2) The authors show that autophagy in hypodermal seam cells is induced in daf-2 mutants but blocked in germline-less glp-1 mutants. However, the numbers of APs and ALs are pretty low in this tissue in wild type and mutant animals with or without Bafilomycin treatment. Other assays such as degradation of the well-characterized autophagy substrate SQST-1 in partial loss-of-function autophagy mutants need be performed to demonstrate the differential autophagy activity in daf-2 and glp-1 mutants.

It is indeed interesting, but perhaps not surprising that hypodermal seam cells have “lower” number of APs and ALs in both WT and mutant animals with or without BafA treatment compared to other tissues since their cell size is much smaller than the regions quantified in other tissues. That said, we agree with the reviewer that examination of SQST-1 punctae in WT animals versus daf-2 and glp-1 mutants would be informative. To address this point, we used a novel sqst-1p::sqst-1::gfp reporter (the expression profile of these animals were equivalent to a previously published sqst-1p::sqst-1::gfp strain from Hong Zhang’s lab, data not shown), which we crossed to glp-1(e2141) and daf-2(e1370) mutants. When we analyzed Day 1 animals in their head region where the expression of this reporter is most prominent in adult animals (Author response image 4A-D), we found that glp-1 mutants had similar numbers of SQST-1 punctae to WT animals, whereas daf-2 animals had fewer punctae compared to WT animals (Author response image 4E-F). BafA treatments potently increased punctae in daf-2 animals, consistent with enhanced autophagic activity between the two pharyngeal bulbs in daf-2 mutants (Author response image 4C-F). Similarly, BafA treatment also increased punctae in glp-1 mutants compared to WT. However, this region likely consists mostly of neurons, and any hypodermal seam cells are difficult to see and distinguish from the ventral/dorsal nerve cord in this strain (Author response image 4A-D). Thus, we would like to refrain from making any conclusions in regards to the hypodermal seam cells with this novel SQST-1 reporter, and although we tried, we have not been successful in making a useful reporter expressing SQST-1 from hypodermal promoters for this resubmission.

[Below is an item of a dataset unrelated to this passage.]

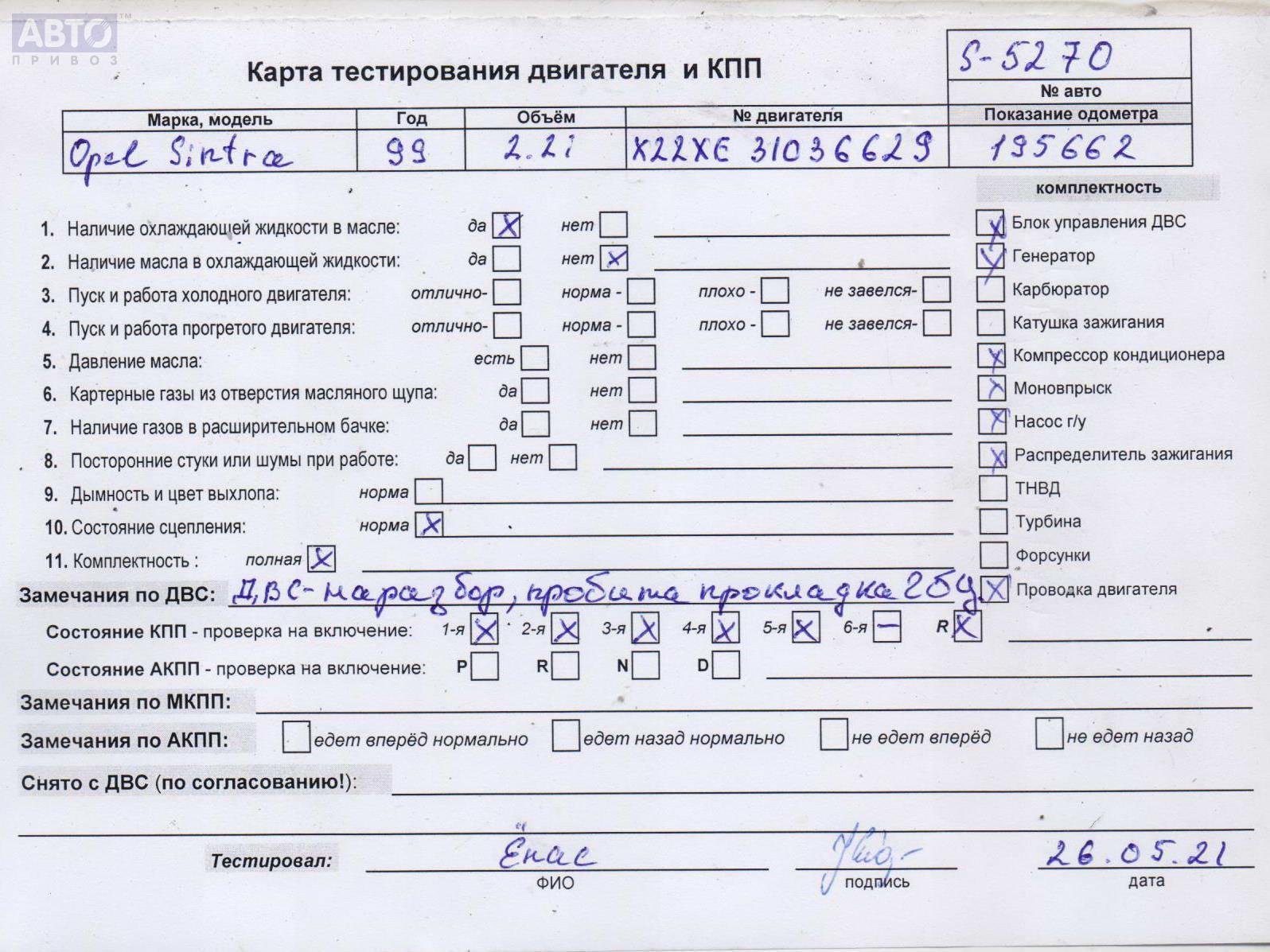 | Марка / Модель / Год: | Opel Sintra (1997-1999) 1999 |
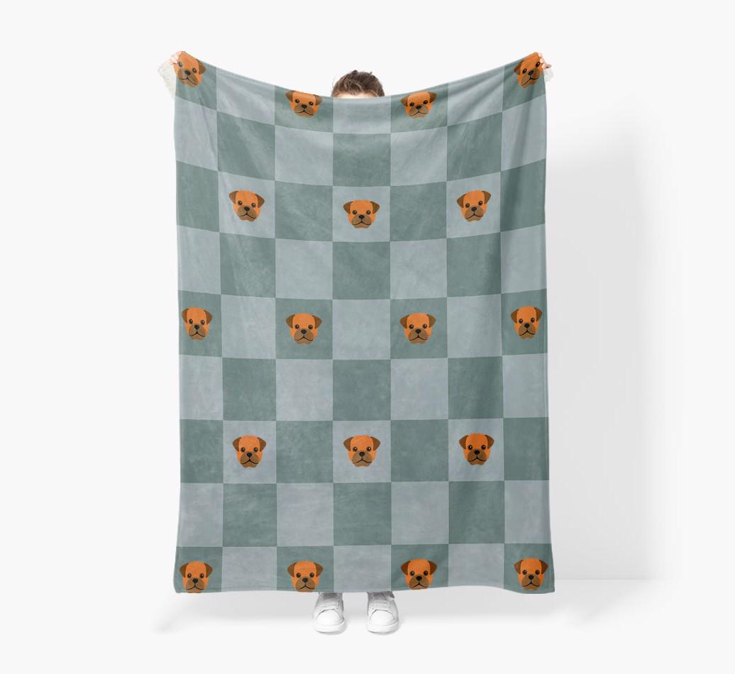 'Checkboard' - Personalized Pugapoo Blanket: Premium Sherpa Fleece

Instead, we have expanded our analysis of seam cells by analyzing daf-2 and glp-1 mutants in which we inhibited autophagy by rab-7 or control (empty vector) RNAi from hatching. Consistent with active autophagy in the hypodermal seam cells of daf-2 mutants, inhibition of rab-7 resulted in an further increase in APs and ALs, while glp-1 mutants showed no change in APs and ALs following rab-7 inhibition (included as new Figure 2—figure supplement 3D, E), suggesting a block of autophagy as our original BafA data indicated. We have inserted a comment about this additional experiment, where we say:

“We observed similar results when we blocked autophagy by rab-7 RNAi (Figure 2—figure supplement 3D, E).”

Author response image 4
The number of SQST-1/p62 puncta is decreased in daf-2 animals compared to wild type.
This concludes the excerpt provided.